─── Data listing
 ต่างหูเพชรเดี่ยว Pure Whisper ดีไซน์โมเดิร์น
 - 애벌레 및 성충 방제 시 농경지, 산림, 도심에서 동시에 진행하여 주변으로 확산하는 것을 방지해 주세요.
──────
─── Data listing
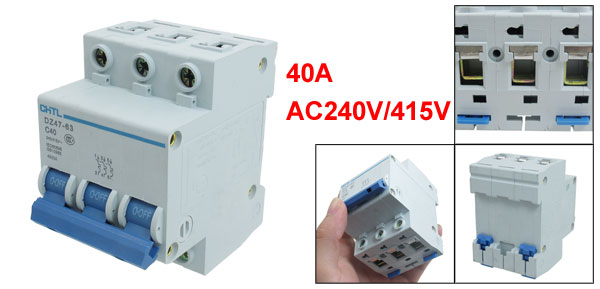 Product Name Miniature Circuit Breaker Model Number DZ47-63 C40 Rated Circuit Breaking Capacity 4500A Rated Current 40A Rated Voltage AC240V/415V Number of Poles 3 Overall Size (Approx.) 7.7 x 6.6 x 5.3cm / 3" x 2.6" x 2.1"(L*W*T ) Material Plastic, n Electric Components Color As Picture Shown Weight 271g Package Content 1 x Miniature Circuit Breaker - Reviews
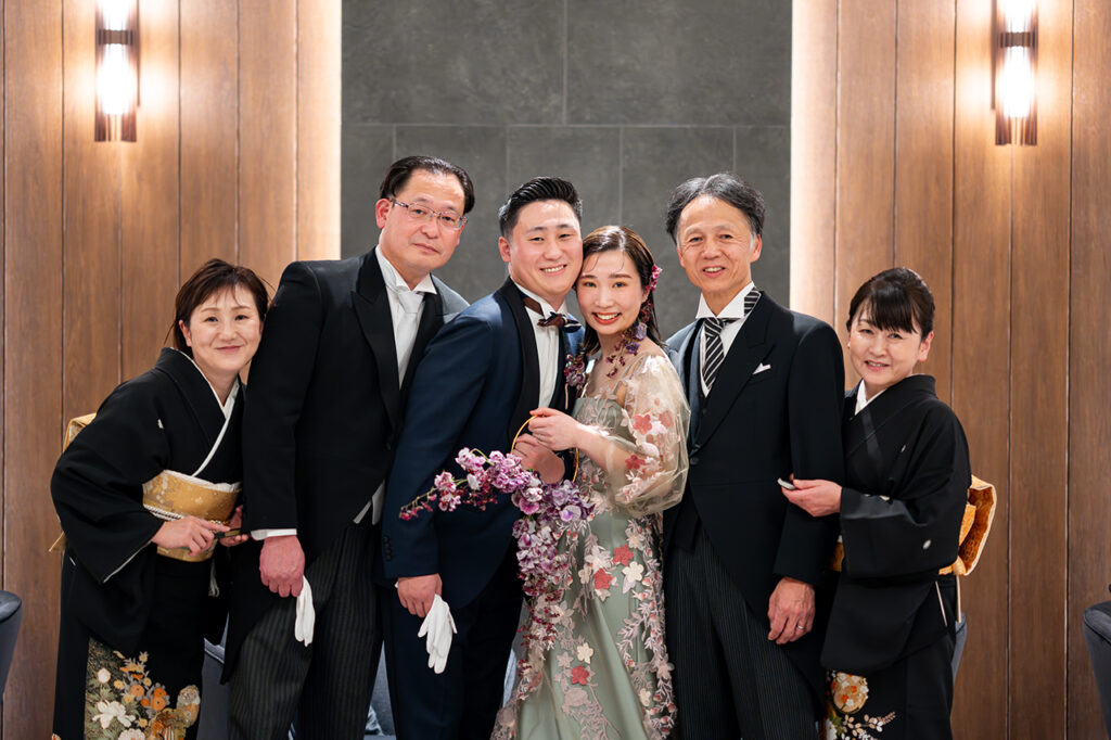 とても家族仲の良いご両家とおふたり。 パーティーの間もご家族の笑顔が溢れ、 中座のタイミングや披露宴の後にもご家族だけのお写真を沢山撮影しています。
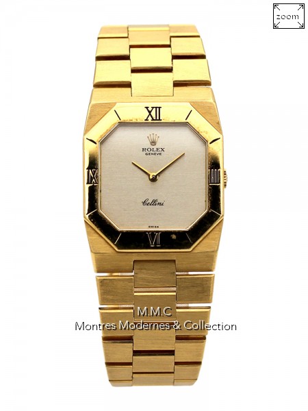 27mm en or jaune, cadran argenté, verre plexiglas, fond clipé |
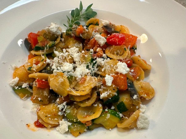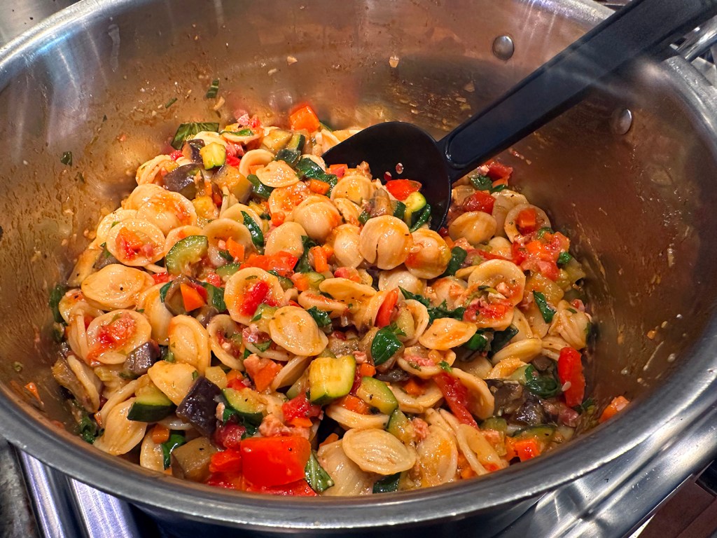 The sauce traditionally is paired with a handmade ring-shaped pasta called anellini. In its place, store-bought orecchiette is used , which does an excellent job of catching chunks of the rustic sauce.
──────
(Work task): From the records above, copy exactly the lines starting at the one with "Product Name Miniature" and ending at the one with "27mm en or jaune, cadran", and no others. Pictures stay out.

(Answer below):
 Product Name Miniature Circuit Breaker Model Number DZ47-63 C40 Rated Circuit Breaking Capacity 4500A Rated Current 40A Rated Voltage AC240V/415V Number of Poles 3 Overall Size (Approx.) 7.7 x 6.6 x 5.3cm / 3" x 2.6" x 2.1"(L*W*T ) Material Plastic, n Electric Components Color As Picture Shown Weight 271g Package Content 1 x Miniature Circuit Breaker - Reviews
 とても家族仲の良いご両家とおふたり。 パーティーの間もご家族の笑顔が溢れ、 中座のタイミングや披露宴の後にもご家族だけのお写真を沢山撮影しています。
 27mm en or jaune, cadran argenté, verre plexiglas, fond clipé |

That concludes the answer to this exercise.